На всю Колыму, на весь миллионный каторжный край, наверное, не было ни одного экземпляра Библии. «Вольнягу» за такую крамолу неизбежно поперли бы из Дальстроя, а то и взяли бы под замок, что касается зека, тот был бы без задержки отправлен в шахты Первого управления, то есть на уран.
И все-таки кое-где по баракам среди Кирилловых друзей циркулировали плоды лагерного творчества, крохотные, на полладони, книжечки, сброшюрованные иголкой с ниткой, крытые мешковиной или обрывком одеяла, в которые чернильным карандашом новообращенные христиане записывали все, что помнили из Священного писания, обрывки молитв или просто пересказ деяний Иисуса, все, что удалось им спасти в памяти из добольшевистского детства или из литературы, все, что как-то протащилось сквозь три десятка лет безбожной жизни и их собственного атеистического, как они теперь полагали, бреда.
Однажды как-то Кирилла окликнули на магаданской улице, на скрипучих деревянных мостках. У него даже голова крутанулась от этого оклика – голос прилетел из «гобелена», то есть из нереальной страны, из Серебряного Бора. Две кургузые фигуры бывших зеков в ватных штанах, разбежавшись мимо и споткнувшись, теперь медленно, в изумлении, друг к другу оборачивались. Из полуседого обрамления косм и бороды, из дубленых складок лица на Кирилла смотрел Степка Калистратов, имажинист, неудачливый муж его сестры Нины. «Степка, неужели выжил?!»
Оказалось, не только выжил, но даже как-то и приспособился бывший богемщик. Вышел из лагерей значительно раньше Кирилла, поскольку и сел раньше. Работает вахтером на авторемонтном заводе, то есть ни черта не делает, как и всю жизнь, только пишет стихи. Что ж ты, и в лагере стихи писал? Степан помрачнел. В лагере ни строчки. Вообрази, за десять лет ни строчки стихов! А здесь вот пошла сплошная «болдинская осень». А второй посадки не боишься, Степан? Нет, теперь уже ничего не боюсь: главное за плечами, жизнь прошла.
Степан свел Кирилла со своей компанией. Раз в неделю собирались у двух петербургских литературных дам, которые сейчас работали няньками в детучреждении. На шатких табуретках сидели, положив ногу на ногу, будто в гостиной Дома литераторов.
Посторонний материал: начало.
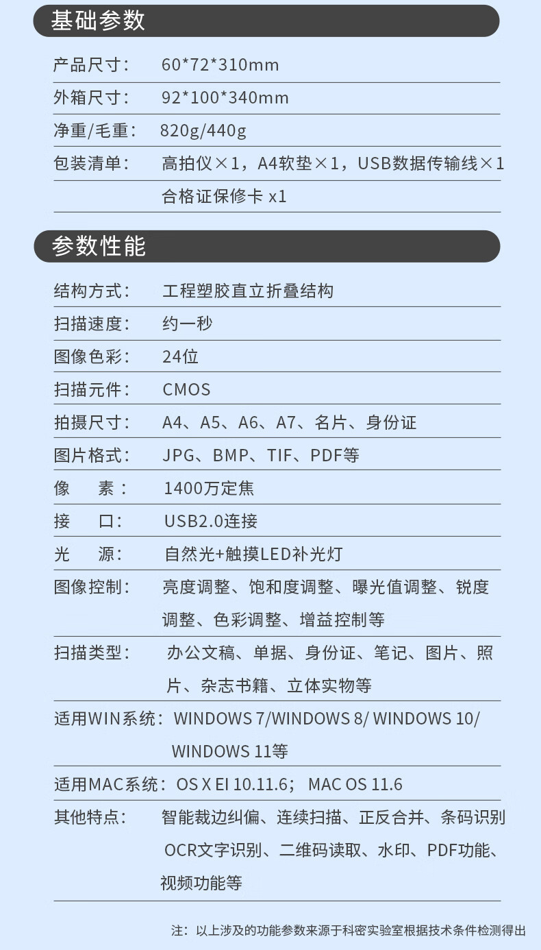 科密(comet) 高拍仪 1400万高清像素 可在线升级扫描仪 A4办公文件资料合同证件合成 OCR文字识别 GP-1000 自营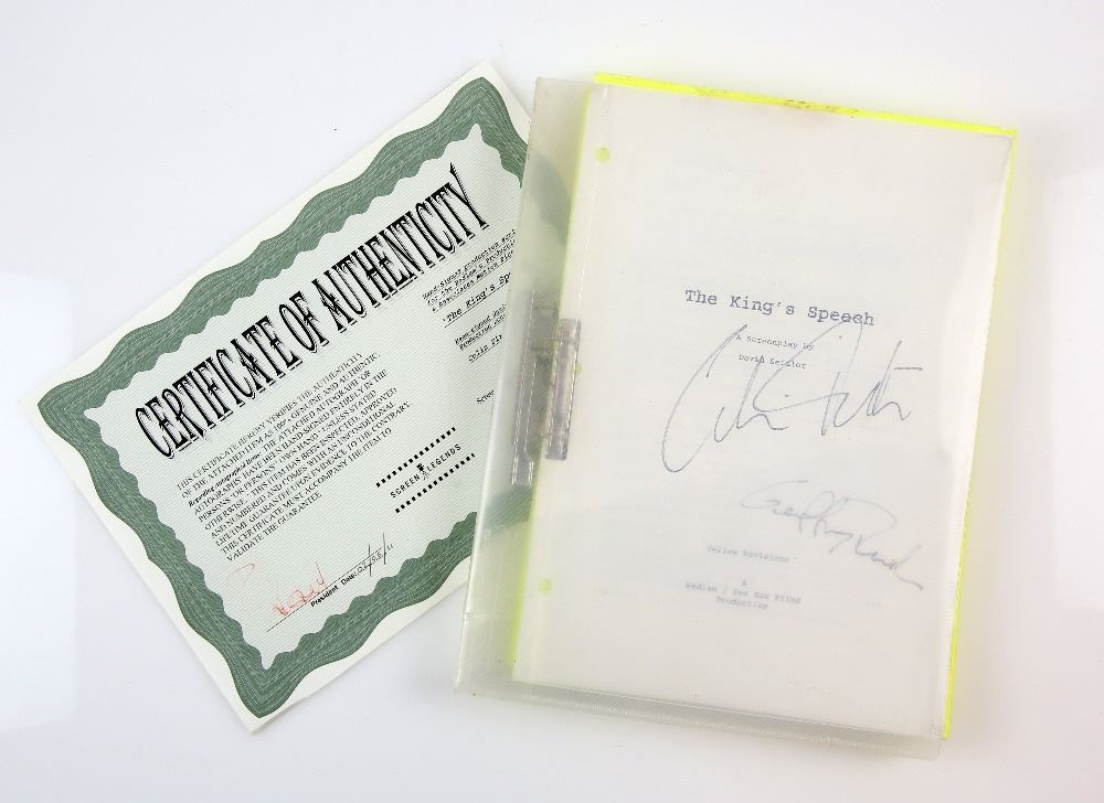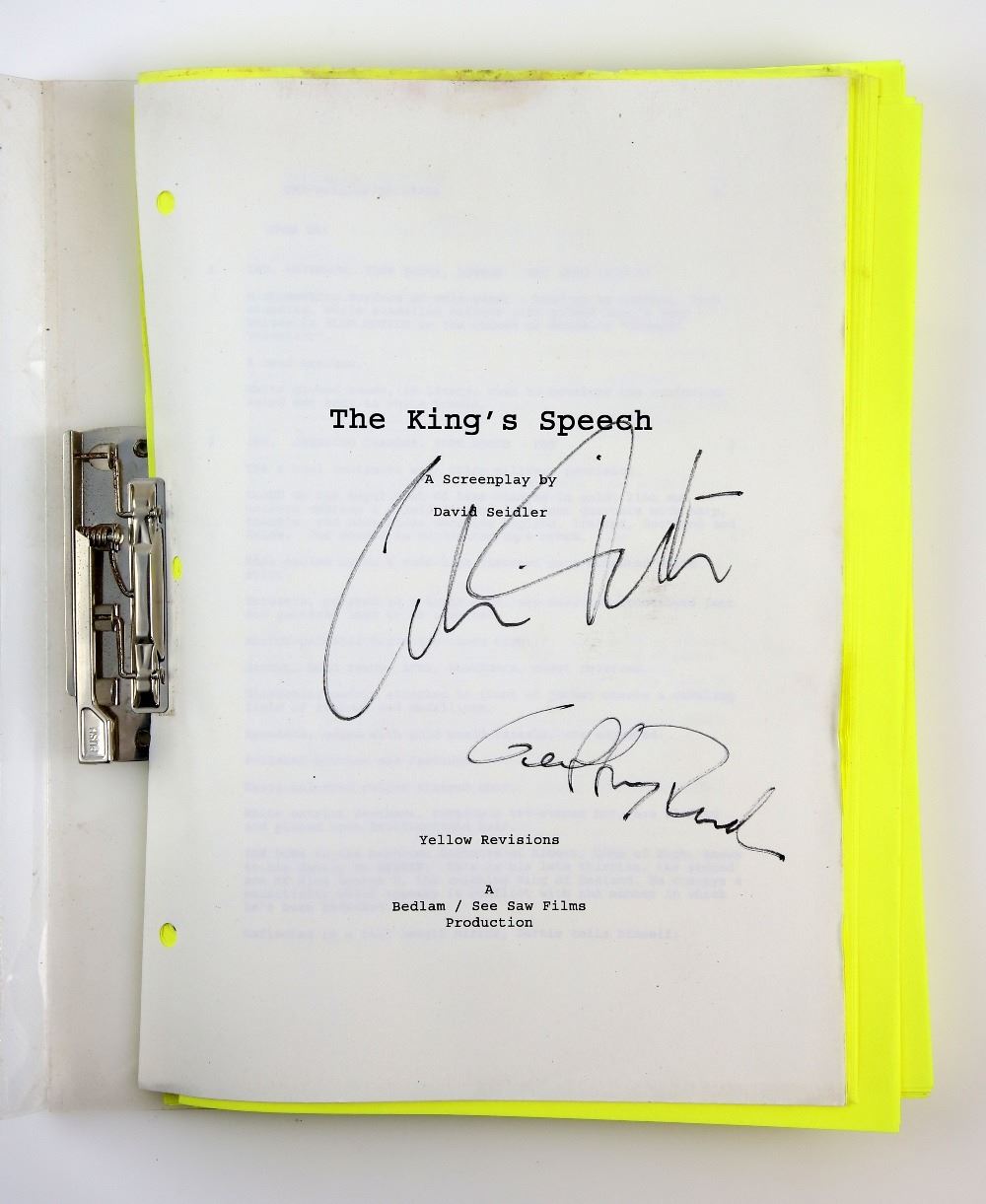 The King's Speech (2010) - Production used script (yellow revisions), signed by Colin Firth and Geoffrey Rush during close of production, with certificate of authenticity.
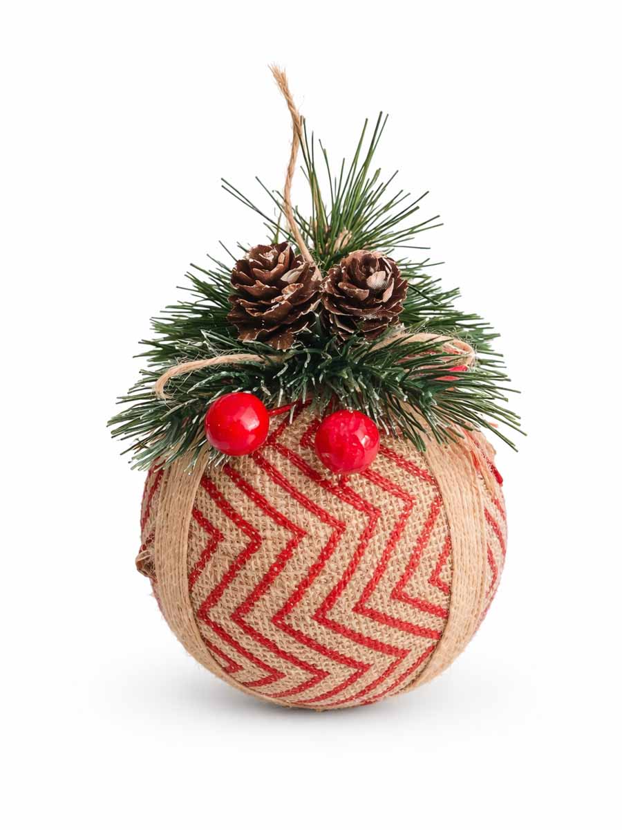 Novogodišnja kugla od prirodne jute sa crvenim dekorativnim detaljima, šišarkama i zelenilom. Čvrsta, lagana i jednostavna za kačenje, idealna za jelku i rustične praznične aranžmane. Ručno pravljena.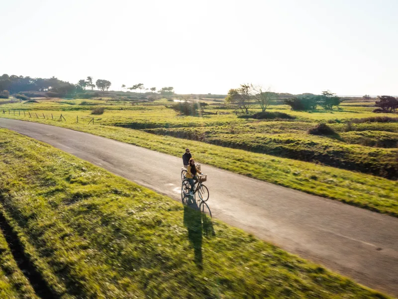Boucle vélo de 20,3 km au départ de Les Moutiers-en-Retz. Bienvenue dans le pays de Retz… ce territoire au sud de la Loire-Atlantique offre des paysages uniques, entre océan, marais et bocage. Respirez l’air iodé, admirez le panorama et pédalez. Les paysages défilent : bourg des Moutiers, Marais de Lyarne, marais salants, plages, port du Collet avant d’arriver à Villeneuve et sur le chemin du retour, dégustation d’huîtres à la Bernerie, ça vous tente ? Donc au programme… découverte de la richesse du patrimoine et de la gentillesse des Hommes qui façonnent cette destination. ​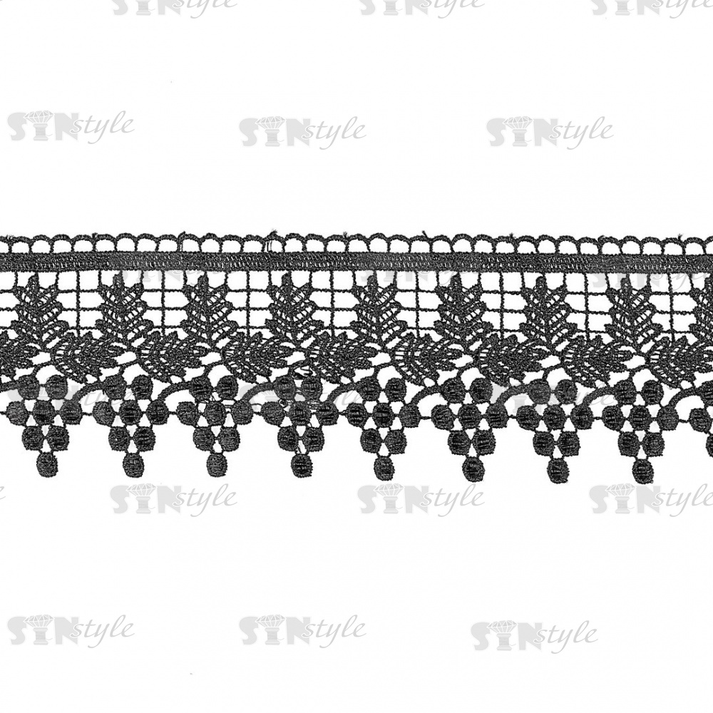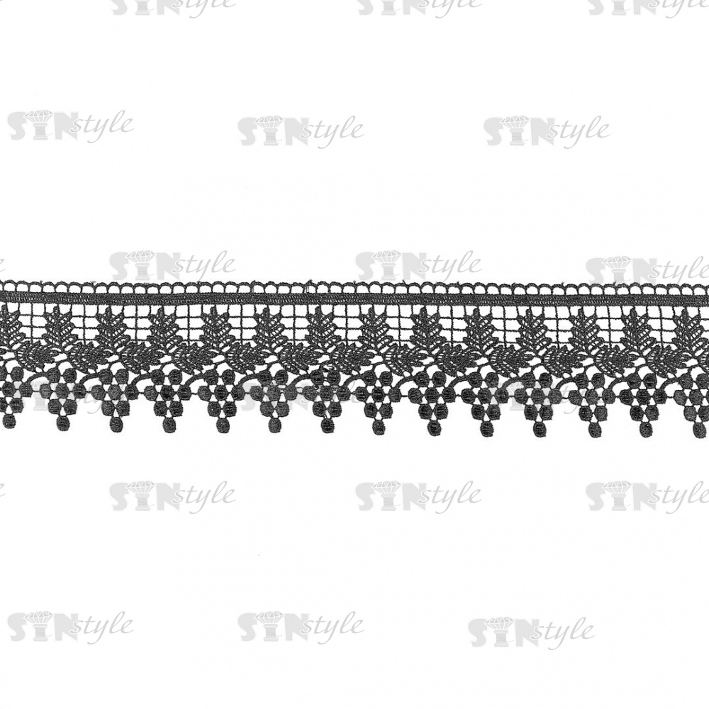 Кружево ажурное, ширина 75 мм, цвет черный, намотка 15 ярдов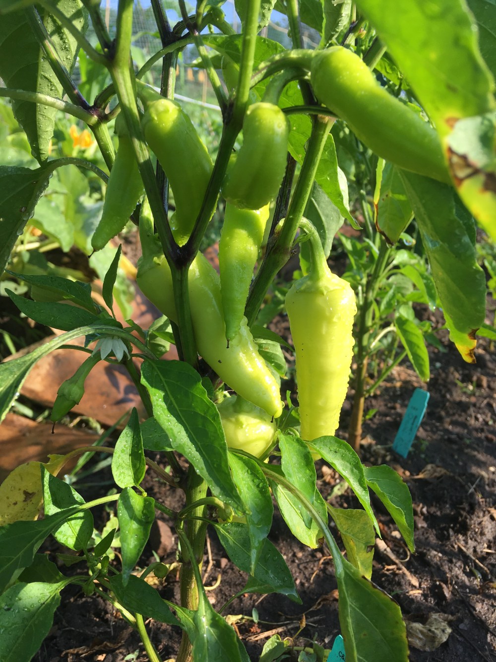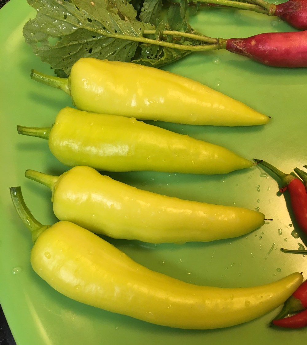 For the very first time, we grew banana peppers this year. We bought two plants from the OSU annual plant sale and planted them on our pepper bed in mid-May. We fed the plants with NPK organic fertilizers, added eggshells to prevents slugs, and used neem oil to control fungus diseases. After one and a half months, we were able to pick our first banana pepper harvest.

Говорили о ранних символистах, о Владимире Соловьеве, о культе Софии.
декламировал некто с феноменальной памятью, бывший сотрудник Института мировой литературы, ныне пространщик в городской бане.
Казалось бы, что еще нужно человеку, который оставил свою марксистскую веру, будто змеиную кожу, в каторжных норах Колымы? Расконвоированность, хлеб насущный, радость и робость новой веры, мистические стихи в кругу утонченной интеллигенции, да ведь это же ренессанс «серебряного века» под дальстроевской маскировкой! Кирилла же не оставляло чувство своей неуместности в магаданском раю, едва ли не вороватости какой-то, как будто он, если пользоваться блатным жаргоном, «на халяву причимчиковал к итээровскому костру». Встречая беспрерывно прибывающие новые этапы и провожая отправляемые после санобработки на север, в рудники, он видел себя в их рядах. Вот для этого он был рожден, Кирилл Градов, а не для чего-нибудь другого. Уйти вместе со всеми страждущими и вместе с ними исчезнуть.
Вот и сейчас, глядя на выход этапа из чрева «Феликса», он ощущал в себе сильное желание пройти сквозь цепь солдат и слиться с этой измученной трюмным смрадом, вонючей толпой. Он так и не научился видеть в этих разгрузках привычное, бытовое, рабочее дело. Всякий раз при разгрузках, при выходе человеческих масс из стальной упаковки на простор каторги слышалось ему какое-то симфоническое звучание, орган с оркестром, трагический голос неведомого храма.
Это повесть о молодых коллегах — врачах, ищущих свое место в жизни и находящих его, повесть о молодом поколении, о его мыслях, чувствах, любви. Их трое — три разных человека, три разных характера: резкий, мрачный, иногда напускающий на себя скептицизм Алексей Максимов, весельчак, любимец девушек, гитарист Владислав Карпов и немного смешной, порывистый, вежливый, очень прямой и искренний Александр Зеленин. И вместе с тем в них столько общего, типического: огромная энергия и жизнелюбие, влюбленность в свою профессию, в солнце, спорт.
В книге рассказывается история главного героя, который сталкивается с различными проблемами и препятствиями на протяжении всего своего путешествия. По пути он встречает множество второстепенных персонажей, которые играют важные роли в истории. Благодаря опыту главного героя книга исследует такие темы, как любовь, потеря, надежда и стойкость. По мере того, как главный герой преодолевает свои трудности, он усваивает ценные уроки жизни и растет как личность.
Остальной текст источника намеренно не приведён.